__WHAT YOU ARE ASKED TO DO__. Give an unaltered copy of the listing below, minus its pictures.

__LISTED RECORDS__.
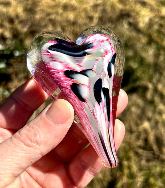 Little Pink Pigeon Glass Heart with Black Velvet Gift Pouch 3 3/4"
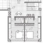 The interior functional spaces are furthermore separated into sleeping and work pods of a sort, additionally delineating functional spaces between them in the larger open living space. The whole becomes a flexible use space, where family members may freely engage in their favorite activities in an open space/hallways.
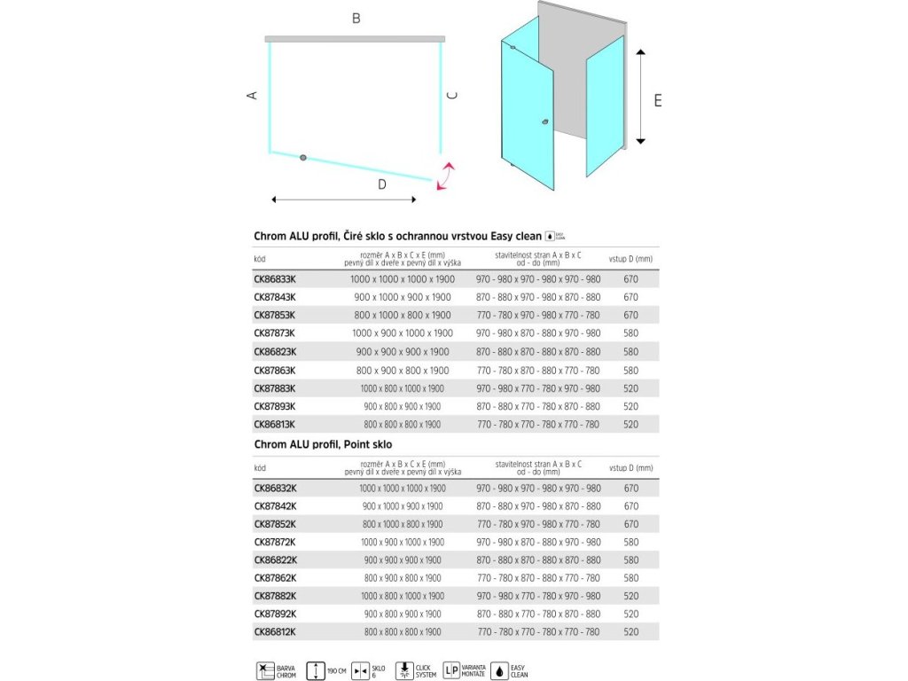 Výrobky v čirém provedení jsou opatřeny ochrannou vrstvou skla již při výrobě EASY CLEAN. Tato ochranná vrstva vytváří na povrchu skla neviditelný štít. Odstřikující voda je odpuzována a nemůže reagovat s povrchem skla. Tím nedochází k usazování nečistot, minerálů a nemnoží se bakterie. Proto je sklo snadno čistitelné.
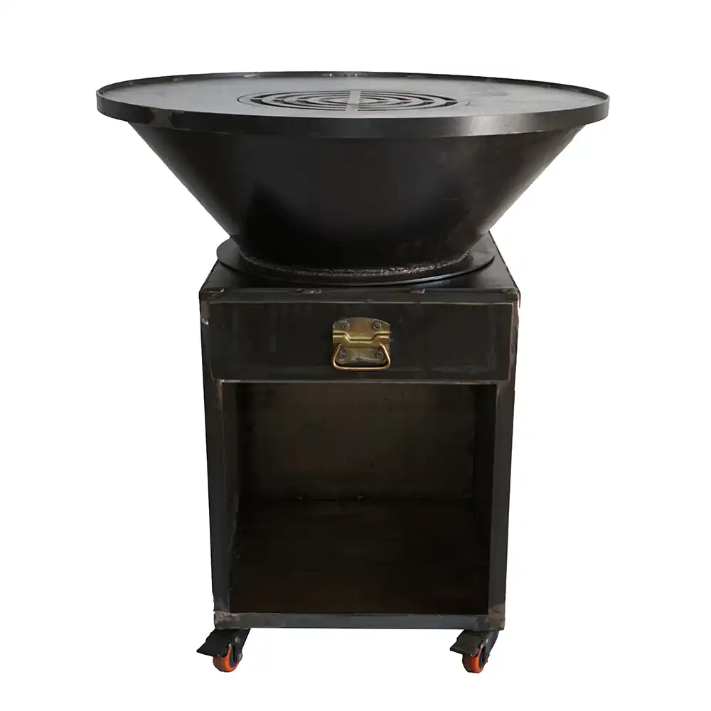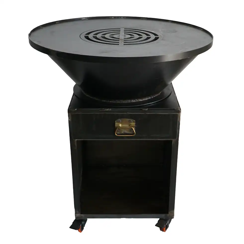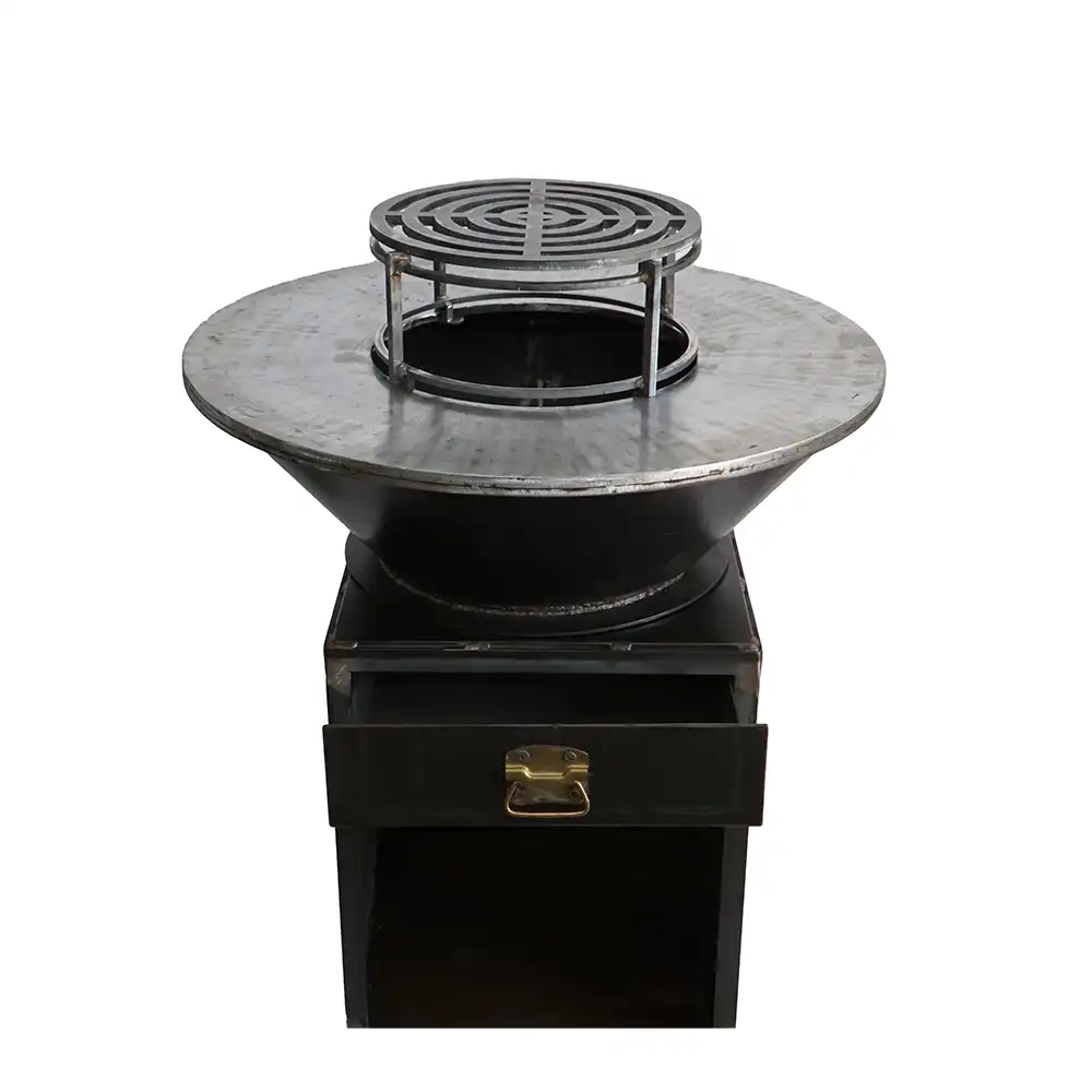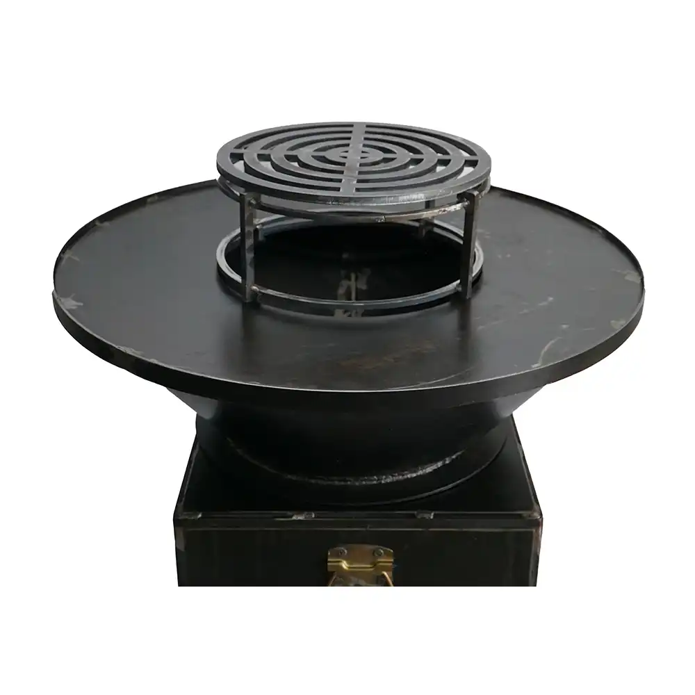 - Baza este realizată din oțel de 3 mm grosime, garantează stabilitate și servește ca aport de aer facand ca aprinderea focului sa fie foarte usoara si arderea lemnului sa fie eficienta cu minim de fum rezultat.
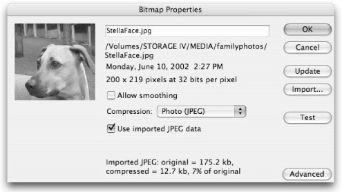 The Bitmap Properties dialog box, shown in Figure 16-6, has several options that are used to control the quality of your imported bitmaps. Settings in the Bitmap Properties dialog box will override the default JPEG compression setting for the document that is controlled in the Flash tab of the Publish Settings dialog box (File ð Publish Settings).
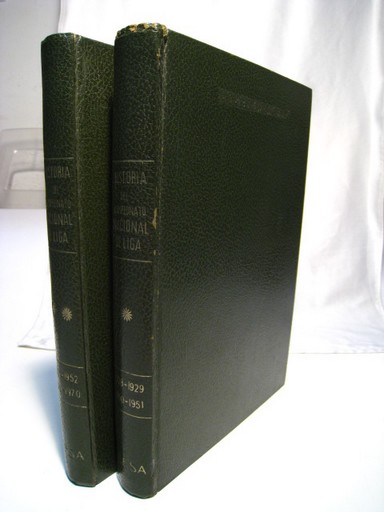 Ed. EFSA; Valencia. 1969. Castellano. Piel con grabados dorados en lomo. 2 vols. 28x20 cms. 1120 pags. Tomo I: temporadas 1928-29 a 1950-51 y el tomo II: temporadas de 1951-52 a 1969-70. Profusamente ilustrada con fotografias a color y en blanco y negro intercaladas en el texto y infinidad de datos estadisticos y tecnicos de la liga. Buen estado de conservacion.. FUTBOL. HISTORIA.
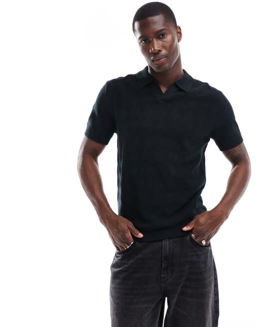 River Island knitted polo in black
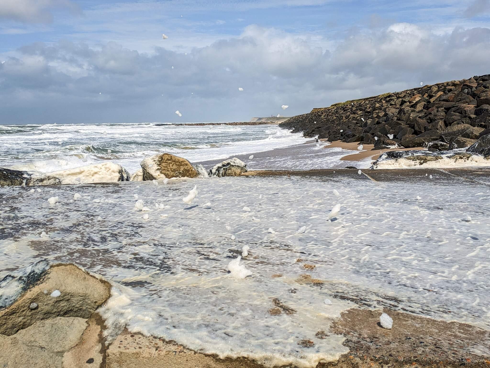 Es gibt draußen sowohl eine offene als auch eine überdachte Terrassenfläche mit Gartenmöbeln und einem Grill, auf dem Sie das Abendessen zubereiten können, während die Sonne im Meer versinkt. Das umliegende Ferienhausgebiet bietet auch ein großes Gemeinschaftsareal mit Spiel- und Bolzplatz.

__COMPLETED TASK__.
 Little Pink Pigeon Glass Heart with Black Velvet Gift Pouch 3 3/4"
 The interior functional spaces are furthermore separated into sleeping and work pods of a sort, additionally delineating functional spaces between them in the larger open living space. The whole becomes a flexible use space, where family members may freely engage in their favorite activities in an open space/hallways.
 Výrobky v čirém provedení jsou opatřeny ochrannou vrstvou skla již při výrobě EASY CLEAN. Tato ochranná vrstva vytváří na povrchu skla neviditelný štít. Odstřikující voda je odpuzována a nemůže reagovat s povrchem skla. Tím nedochází k usazování nečistot, minerálů a nemnoží se bakterie. Proto je sklo snadno čistitelné.
 - Baza este realizată din oțel de 3 mm grosime, garantează stabilitate și servește ca aport de aer facand ca aprinderea focului sa fie foarte usoara si arderea lemnului sa fie eficienta cu minim de fum rezultat.
 The Bitmap Properties dialog box, shown in Figure 16-6, has several options that are used to control the quality of your imported bitmaps. Settings in the Bitmap Properties dialog box will override the default JPEG compression setting for the document that is controlled in the Flash tab of the Publish Settings dialog box (File ð Publish Settings).
 Ed. EFSA; Valencia. 1969. Castellano. Piel con grabados dorados en lomo. 2 vols. 28x20 cms. 1120 pags. Tomo I: temporadas 1928-29 a 1950-51 y el tomo II: temporadas de 1951-52 a 1969-70. Profusamente ilustrada con fotografias a color y en blanco y negro intercaladas en el texto y infinidad de datos estadisticos y tecnicos de la liga. Buen estado de conservacion.. FUTBOL. HISTORIA.
 River Island knitted polo in black
 Es gibt draußen sowohl eine offene als auch eine überdachte Terrassenfläche mit Gartenmöbeln und einem Grill, auf dem Sie das Abendessen zubereiten können, während die Sonne im Meer versinkt. Das umliegende Ferienhausgebiet bietet auch ein großes Gemeinschaftsareal mit Spiel- und Bolzplatz.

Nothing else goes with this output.